Le juge d'instruction du tribunal de première instance de Tunis avait décidé la semaine dernière de classer sans suite la demande du parquet de poursuivre la victime du viol et son fiancé pour «atteinte à la pudeur», un délit passible de six mois de prison ferme.

Dans l'après-midi, le ministère de la Justice a confirmé la décision du parquet de faire appel.

«Oui, c'est bien le cas», avait quant à lui indiqué le porte-parole du ministère, Adel Riahi, sans pouvoir préciser les motivations du procureur.

Les déboires judiciaires de cette jeune femme de 27 ans ont fait scandale en Tunisie et à l'étranger, nombre d'acteurs politiques et sociaux estimant que cette procédure transformait une victime en accusée.

Les policiers, accusés du viol, affirment avoir surpris la jeune femme et son fiancé en train d'avoir des relations sexuelles dans une voiture, en banlieue de Tunis, ce qui justifierait selon le parquet des poursuites pour atteinte à la pudeur contre le couple.

Deux agents ont violé ensuite leur victime à tour de rôle, tandis qu'un troisième policier conduisait le petit ami de la jeune femme jusqu'à un distributeur de billets pour lui extorquer de l'argent.

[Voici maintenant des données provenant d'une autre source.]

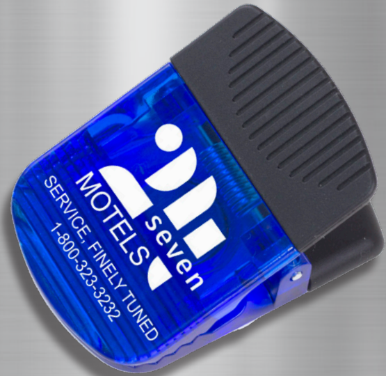
#5035 "CLIPPIE JUMBO"

Size: 2" W x 2-3/4" H. Imprint: 1-5/8" W x 1-1/2" H. Weight: 13-1/2 lbs / 100 pcs

Les trois agents sont incarcérés : deux sont poursuivis pour viol et le troisième pour extorsion.

«Nous n'avons pas encore eu accès au dossier, donc nous ne savons pas sur quoi se fonde» l'appel du procureur, a précisé Me Belhaj Hmida, ajoutant que «l'ensemble de la procédure et du travail du juge d'instruction» allait être réexaminé.

Très critiqué, le gouvernement dirigé par les islamistes d'Ennahda, tout en condamnant le viol, a toujours souligné que la justice faisait son travail en enquêtant sur les accusations portées à l'encontre de la victime et de son fiancé.

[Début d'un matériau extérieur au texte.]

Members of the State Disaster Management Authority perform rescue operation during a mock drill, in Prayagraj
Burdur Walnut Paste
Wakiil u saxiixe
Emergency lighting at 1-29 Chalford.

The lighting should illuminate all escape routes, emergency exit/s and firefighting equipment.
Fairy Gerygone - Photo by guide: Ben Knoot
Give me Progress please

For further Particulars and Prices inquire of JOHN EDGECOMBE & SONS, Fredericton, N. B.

Le ministre de la Justice, Noureddine Bhiri, avait attiré une grande partie de ces critiques en estimant début octobre que l'intérêt porté par les médias étrangers à cette affaire témoignait d'un complot contre le gouvernement.

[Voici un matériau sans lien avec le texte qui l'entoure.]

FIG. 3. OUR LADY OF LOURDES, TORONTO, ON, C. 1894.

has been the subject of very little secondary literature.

Les Tunisiennes bénéficient du Code de statut personnel promulgué en 1956 pour instaurer l'égalité des sexes dans certains domaines, une situation unique dans le monde arabe. Elles restent cependant discriminées dans plusieurs cas, en particulier en matière d'héritage.

Les islamistes d'Ennahda avaient déclenché un large mouvement de contestation en août en proposant d'inscrire dans la nouvelle Constitution la «complémentarité» des sexes et non l'égalité, un projet abandonné finalement en septembre après une vaste mobilisation de la société civile.